In a previous post on this blog we mentioned the new data management protocol by NWO. NWO requires that applicants write a data management paragraph in their proposal and a full data management plan once granted. Leiden biochemist Remus Dame participated in the data management pilot prior to the protocol and wrote an exemplary DMP. In an article in NWO Hypothese (“Data in de etalage”, in Dutch) he tells about his experiences with data management planning.To lead by example he also published his data management plan in our repository (Data management plan VICI, in Dutch). Read the English translation of the article in Hypothese here.
Keeping a grip on ever growing data sets
Original article by Martine Segers, translated by Rutger de Jong
“Thinking about how to store the results of measurements digitally, is directly related to the core of my research. This is why the amount of extra work involved in open data is minimal to me”, tells biochemist dr. Remus Dame of Leiden University. He was one of the participants in the data management pilot that was carried out last year to prepare for the introduction of the new policy.
“Our research generates ever growing data sets”, says the Vici-laureate. “That’s why we were already working on storing our measurements more systematically and on adding additional metadata in case someone leaves our lab. It prevents having to repeat analyses, something that was sometimes necessary in the past.” Also, to enable external re-use of his data, extra metadata need to be added, for example details on the analysis method used.
The costs that accompany the new requirements on data management appear to be less than expected. “We will be pre-processing all of our data, otherwise it will be far too expensive,” explains Dame. There is another reason not to choose for storage of raw data. “You should not pollute repositories with data no one wants to use. If we determine the DNA-binding properties of proteins with a standard method, for example, the calculated values are far more interesting than the raw data itself.”

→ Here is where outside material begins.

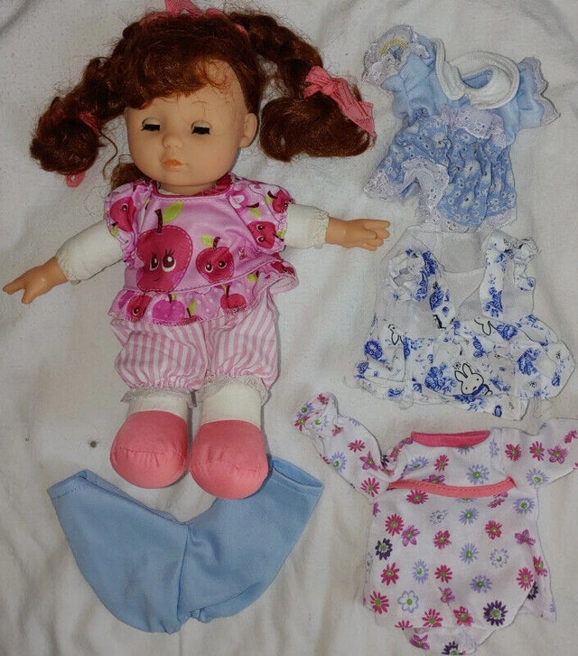 Baby cloth body doll with long brunette hair and blue gravity eyes (close laying down). Includes several outfits. $10.00 for the set. Located in Summerside, SE London. Smoke-free home. Message to arrange an afternoon/evening pickup. Check out my 900+ ads.

He expects the amount of relevant data from his Vici-project to be under 100 Gigabyte. “The 4TU repository that we are currently opting for, there being no archive for biological data as yet, asks about 4,50 euro per Gigabyte for a period of fifteen years. The costs will therefore be less than 500 euros, a feasible amount. In our lab we want to keep our raw data itself, for a shorter period of time. This will be far more costly: think of ten to fifteen thousand euro.”
By participating in the pilot, Dame made some useful connections with the IT specialists of his university and the data librarian of the university library, who was most up to date on the international standards for metadata and the available repositories. It forced him to think in an even more systemic way about the storage of data. “This is what I now try to get across to the people working in my lab.”